Peter nodded. “Or they learn to come in during the elephant seal peak.”

“Or maybe they’re spending more time breeding.”

I was beginning to realize that studying great white sharks was not really about the rush of seeing them. Instant gratification was beside the point. Decades passed before patterns became visible, before hunches could be proven, before the jigsaw puzzle came together, if it ever did. Science, by definition, was altruistic. You might be the one who benefited from the information you’d collected over the years, you might not. You might be dead, even. And someone else using your data might go on to win the Nobel Prize.

But there had been one major breakthrough this season: The satellite tags had begun to pay off with reams of new information. The Farallon sharks, it seemed, spent most of their lives roving the open ocean rather than sticking close to the coast, as had been supposed. And when they moved away from the islands and over the lip of the continental shelf, they began diving to depths greater than seven hundred meters. That, too, was unheard-of behavior from an animal that hunted its prey on the surface. And the sharks were
booking
, logging as many as sixty miles per day with purposeful efficiency. It was as though they were late for an appointment somewhere and hustling to keep it. A Rat Packer named Tipfin, tagged by Peter in October 2000 (and again in October 2001), was discovered to have cruised 2,300 miles to Hawaii in thirty-seven days. He remained near Maui for at least four months, and then turned around and returned to the Farallones in October. No one had any inkling that great white sharks were such globe-trotters. “It was like seeing owls leave the forests and head out over the open plains,” Scot said.

Tipfin was the only tagged shark, however, who went that far west. When the other satellite-tagged sharks left the Farallones, they all swam southwest, to a patch of ocean located approximately 1,500 miles off the coast of Ensenada, Mexico. They remained there for as long as eight months, indicating that this remote place is where they spend much of their lives. Though the gathering spot lacks seamounts or islands or any other notable features, its significance is surely anything but random, and not just among the Farallon set. White sharks tagged at Guadalupe Island and elsewhere in California headed straight to the same area. Scot had long suspected that something unusual was going on when they weren’t at the Farallones; he’d noticed that by the time the sharks disappeared in December they had managed to fatten themselves up, but when they returned the following autumn they were much thinner, sometimes unrecognizably so. Often they were trailing remoras, small pilot fish that are found in more southerly waters. The epic trip described by the tags explained the
where,
but not the big mystery:
why?
“So the question is,” Scot said, leaning in and raising his eyebrows dramatically. “What the hell are they doing out there?”

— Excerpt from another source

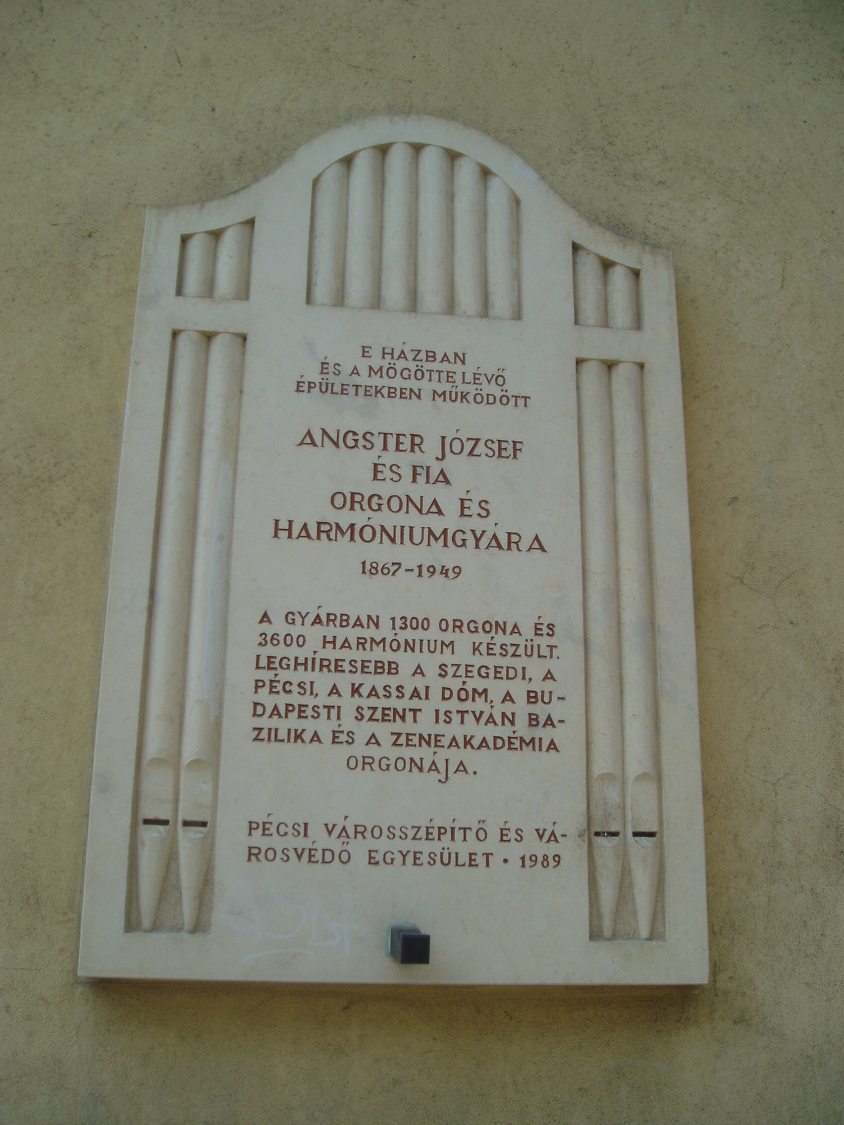 Nyilvános 858 | 1504 | Pécs, Mária utca 35. | Fénykorában itt, és a környező épületekben működött az Angster orgonagyár. Alapítója, Angster József (1834–1918) nem született bele a szakmába. Eszéki asztalos–tanoncként töltött évek után Bécsben tanulta a hangszerkészítő szakmát. Tudását Párizsban tökéletesítette a világhírű Cavaillé–Coll orgonagyárban, ahonnét az akkor elérhető legmagasabb képzettséggel érkezett haza. Saját gyárának megalapítása után az első kimagasló szakmai sikert a kalocsai székesegyház (lásd: Kalocsa, Szentháromság tér) számára megépített orgonája hozta meg számára. Az orgonaüzem többször költözött, mert a megrendelések szaporodása miatt egyre nagyobb helyre lett szüksége. A József utcába való költözés jelentette a végleges telephely kialakításának első lépését. A gyártelepet 1891-ben tovább bővítették a József utcával párhuzamos Mária utcában levő 35. számú épülettel; ezen a házon látható az 1989-ben felavatott emléktábla. A századfordulón a kitűnő Angster–orgonák már szinte benépesítették a Kárpát–medencét, sőt eljutottak az akkori határokon túlra is. A fejlődés kiemelkedő lépcsőfoka volt a pécsi Belvárosi plébániatemplom (lásd: Pécs, Széchenyi tér) orgonájának ünnepélyes felavatása 1886-ban. Közben Angster József fiai, Emil és Oszkár is bekapcsolódtak a munkába, és apjuk 1918-ban ebben a házban bekövetkezett halála után ők vezették a céget. olyan hangszerek születtek, mint a budapesti Zeneakadémia orgonája 1925-ben és a szegedi Fogadalmi templom hatalmas hangszere. 1940-ben a harmadik Angster–generáció vette át a vezetést: Angster József és Imre. Az ő háborús idejükben is megtartotta hírét az üzem, de 1949. december 28-án bekövetkezett az államosítás, a fokozatos megszüntetés, a vezetők meghurcolása és a berendezések kiselejtezése. Napjainkban az Angster–hagyomány a tudomány síkján a stuttgarti Fraunhofer tudományos intézetben Angster Judit és férje, Miklós András révén, a gyakorlatban pedig az 1992 óta működő Pécsi Orgonaépítő Manufaktúra (Pécs, Buzsáki utca 37.) munkájában folytatódik. A fénykép 2006 júliusában készült. Felh. irod.: Angster József: Az Angster-család és az Angster Orgonagyár történetéből. = Angstertől Zsolnayig. Ipartörténeti tanulmányok. Pécs, 1999 |

Clearly the sharks weren’t wasting energy heading out into the wild blue yonder for no good reason. Feeding? Pupping? Perhaps, but neither of those theories quite fit. Chasing down seals in the open ocean didn’t make sense in terms of energy expenditure; and the likelihood that the region served as a kind of nursery for baby white sharks was diminished by the presence of so many males. Scot and Peter had the beginnings of an idea, one that couldn’t be proved yet but was captivating nonetheless: that this gathering spot might be the great white’s ancestral mating ground, a destination with ancient significance that is roadmapped into the sharks’ DNA.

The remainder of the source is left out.